Disaster Capitalism

Disaster Capitalism, Brooklyn Institute for Social Research, Winter/Spring 2017

Turn on the evening news and you will see a parade of disasters: from banking crises to pandemics, from floods to superbugs, from the instantaneous loss of life following an earthquake to the slowly accumulating effects of global climate change. Why is it that we seem to live in a uniquely calamitous age?
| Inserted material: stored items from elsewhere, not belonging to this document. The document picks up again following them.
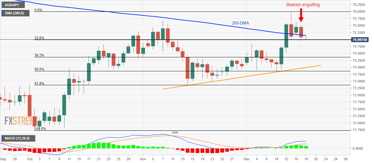 After flashing a bearish candlestick formation on the daily (D1) chart, AUD/JPY trades around 75.00 amid Wednesday morning in Asia. The pair now clings to 23.6% Fibonacci retracement of its run-up from October start.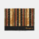Warm colours and a sophisticated pattern are incorporated into this design. Stripes of black, red, deep green, and a golden colour are set off by images of a leaf silhouette. Customize with the text of your choice.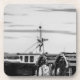 portarretratos foto blanco y negro de un barco pesquero con jaulas a langostas, título: “La puesta en agua”, Iles-de-la-Madeleine, Quebec, el Canadá. María-Eva LaBadie fotografió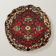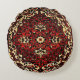 Design de tapis orientaux en rouge foncé et couleur crème - une image antique est IMPRIMÉE sur ce coussin rond - une illustration tirée d'un livre antique - il a été édité et appliqué sur divers articles par Alma Wad.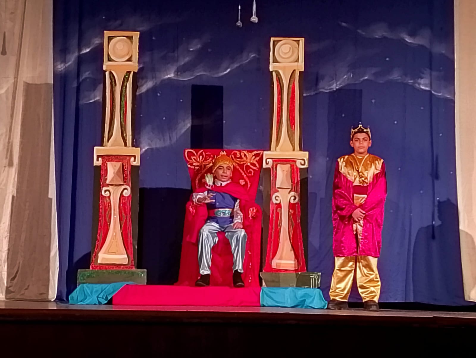 أما مشهد بيت الملك، فجاء بتكوين أكثر فخامة وهيبة، حيث تم تنفيذ هيكل الكرسي ليحاكي كرسي العرش، باستخدام أقمشة فاخرة مثل الفرو، وخامات لامعة كالجليتر، إلى جانب أعمدة خلفية مزخرفة، ما منح المشهد إحساسا بالرقي والسُلطة.

This course proposes that the proliferation of risk management technologies is remaking our relationship to the future, turning the mere threat of crises into generative grounds for new business opportunities and justifying new forms of political control. In our century, technological responses to disasters seem to ameliorate conditions for some but further entrench divisions along racial and economic lines for many, failing to live up to the promise that the pooling of risk and the quantification of social goods might make a better world for all. This sets the stage for the development of what writer Naomi Klein has called “disaster capitalism”. Using this idea as a jumping off point, we will explore how theoretical frameworks from social theorists, historians, and anthropologists can help us parse the technical, affective, and political ramifications of what it means to live always at risk in a capitalist context. Readings from theorists like Karl Marx, “risk theory” sociologist Ulrich Beck, science studies scholars Donna Haraway and Bruno Latour, and British social anthropologist Mary Douglas will offer ways to frame our discussion on disasters in modern, high-tech societies. In addition, through case studies on Katrina, Fukushima, and the banking industry, we will examine what happens on the ground when disaster strikes.